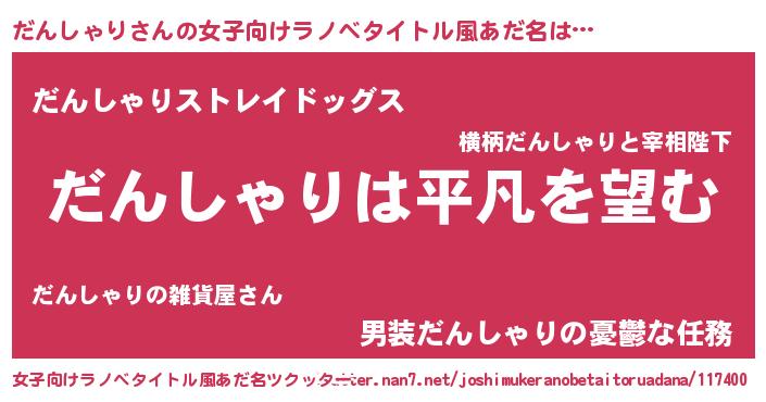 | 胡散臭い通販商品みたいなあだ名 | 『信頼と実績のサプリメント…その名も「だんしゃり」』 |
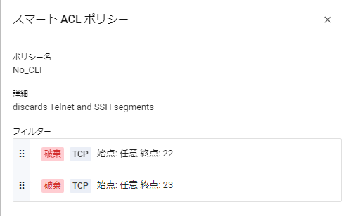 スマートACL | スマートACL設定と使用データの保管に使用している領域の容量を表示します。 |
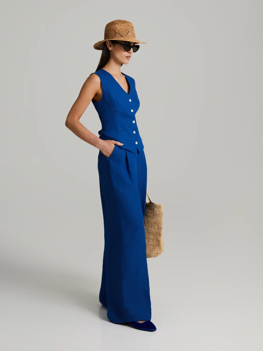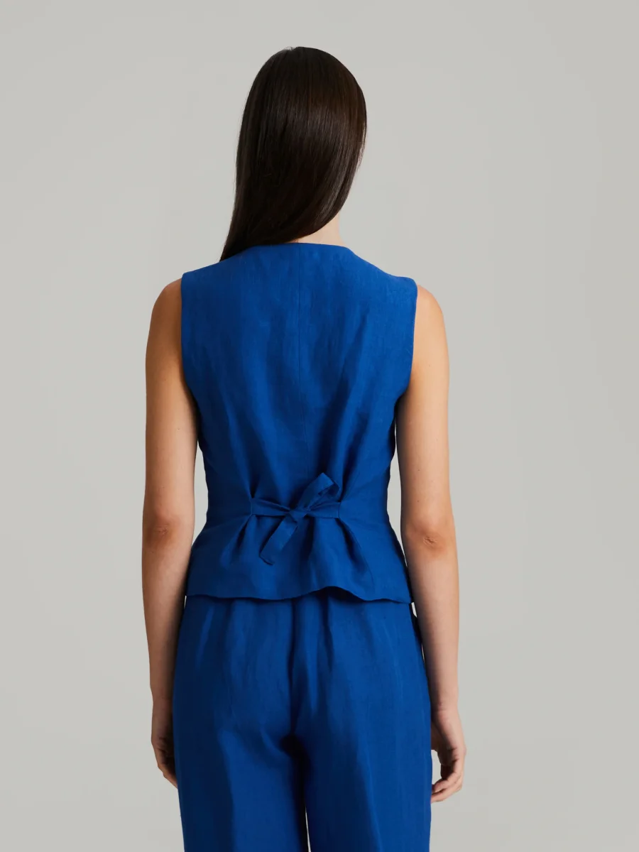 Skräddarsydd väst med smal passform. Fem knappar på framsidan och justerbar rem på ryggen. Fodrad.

----------

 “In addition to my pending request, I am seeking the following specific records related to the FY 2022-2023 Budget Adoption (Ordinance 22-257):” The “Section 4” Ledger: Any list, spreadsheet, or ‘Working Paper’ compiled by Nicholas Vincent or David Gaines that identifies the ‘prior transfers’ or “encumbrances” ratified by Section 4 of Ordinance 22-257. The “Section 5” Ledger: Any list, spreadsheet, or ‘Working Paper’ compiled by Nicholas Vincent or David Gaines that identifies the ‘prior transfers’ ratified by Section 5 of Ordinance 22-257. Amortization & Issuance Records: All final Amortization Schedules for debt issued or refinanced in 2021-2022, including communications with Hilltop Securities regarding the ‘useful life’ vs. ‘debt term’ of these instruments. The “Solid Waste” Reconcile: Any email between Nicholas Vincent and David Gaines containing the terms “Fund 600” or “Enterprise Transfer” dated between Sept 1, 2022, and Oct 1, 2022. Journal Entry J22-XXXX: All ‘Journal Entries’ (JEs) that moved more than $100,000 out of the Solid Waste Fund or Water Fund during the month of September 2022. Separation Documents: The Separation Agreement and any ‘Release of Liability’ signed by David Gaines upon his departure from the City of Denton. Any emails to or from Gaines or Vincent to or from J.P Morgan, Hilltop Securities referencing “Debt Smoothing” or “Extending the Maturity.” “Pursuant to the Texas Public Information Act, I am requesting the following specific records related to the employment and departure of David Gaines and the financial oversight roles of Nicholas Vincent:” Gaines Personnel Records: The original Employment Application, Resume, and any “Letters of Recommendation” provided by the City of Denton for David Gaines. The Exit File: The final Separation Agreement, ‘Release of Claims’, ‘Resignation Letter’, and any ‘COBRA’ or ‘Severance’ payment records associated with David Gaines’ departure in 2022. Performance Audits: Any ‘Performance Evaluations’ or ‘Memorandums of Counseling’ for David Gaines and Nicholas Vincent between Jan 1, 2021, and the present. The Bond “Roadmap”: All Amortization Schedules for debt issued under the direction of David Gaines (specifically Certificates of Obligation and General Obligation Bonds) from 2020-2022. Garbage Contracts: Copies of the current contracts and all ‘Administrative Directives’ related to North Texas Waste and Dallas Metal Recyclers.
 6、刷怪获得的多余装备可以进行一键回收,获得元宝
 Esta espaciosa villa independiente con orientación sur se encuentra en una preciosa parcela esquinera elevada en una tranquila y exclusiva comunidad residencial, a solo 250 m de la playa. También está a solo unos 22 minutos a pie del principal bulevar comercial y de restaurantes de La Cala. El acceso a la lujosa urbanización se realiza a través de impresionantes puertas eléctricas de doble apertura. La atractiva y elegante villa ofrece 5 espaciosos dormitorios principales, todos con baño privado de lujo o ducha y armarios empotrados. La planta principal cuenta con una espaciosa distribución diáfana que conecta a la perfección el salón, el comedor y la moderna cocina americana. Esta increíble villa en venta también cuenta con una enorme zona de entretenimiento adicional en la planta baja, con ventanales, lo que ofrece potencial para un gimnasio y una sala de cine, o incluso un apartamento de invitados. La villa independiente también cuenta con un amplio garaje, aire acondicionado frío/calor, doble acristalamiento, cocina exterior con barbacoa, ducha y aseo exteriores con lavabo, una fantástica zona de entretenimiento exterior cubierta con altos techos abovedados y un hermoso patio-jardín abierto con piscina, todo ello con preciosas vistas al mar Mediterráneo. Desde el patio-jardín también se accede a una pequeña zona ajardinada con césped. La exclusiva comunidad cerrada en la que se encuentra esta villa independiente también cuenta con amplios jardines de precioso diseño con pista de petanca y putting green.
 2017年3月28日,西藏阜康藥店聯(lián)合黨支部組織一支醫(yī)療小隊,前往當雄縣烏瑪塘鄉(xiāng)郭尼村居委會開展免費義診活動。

----------

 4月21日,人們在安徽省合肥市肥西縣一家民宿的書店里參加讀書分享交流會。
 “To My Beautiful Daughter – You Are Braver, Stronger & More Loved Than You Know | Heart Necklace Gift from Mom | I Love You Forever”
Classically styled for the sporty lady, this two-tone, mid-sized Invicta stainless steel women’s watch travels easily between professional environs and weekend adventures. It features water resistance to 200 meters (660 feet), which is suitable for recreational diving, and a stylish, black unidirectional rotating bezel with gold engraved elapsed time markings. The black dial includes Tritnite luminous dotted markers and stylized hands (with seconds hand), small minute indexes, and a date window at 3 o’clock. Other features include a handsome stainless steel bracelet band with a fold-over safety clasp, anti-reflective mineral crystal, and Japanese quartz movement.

----------

EXERCISE DIRECTIONS:
Taking the entries above, extract every line from the one bearing "胡散臭い通販商品みたいなあだ名 | 『信頼と実績のサプリメント…その名も「だんしゃり」』 |" through the one bearing "Skräddarsydd väst med", exactly, with no pictures.

ANSWER AREA:
 | 胡散臭い通販商品みたいなあだ名 | 『信頼と実績のサプリメント…その名も「だんしゃり」』 |
 スマートACL | スマートACL設定と使用データの保管に使用している領域の容量を表示します。 |
 Skräddarsydd väst med smal passform. Fem knappar på framsidan och justerbar rem på ryggen. Fodrad.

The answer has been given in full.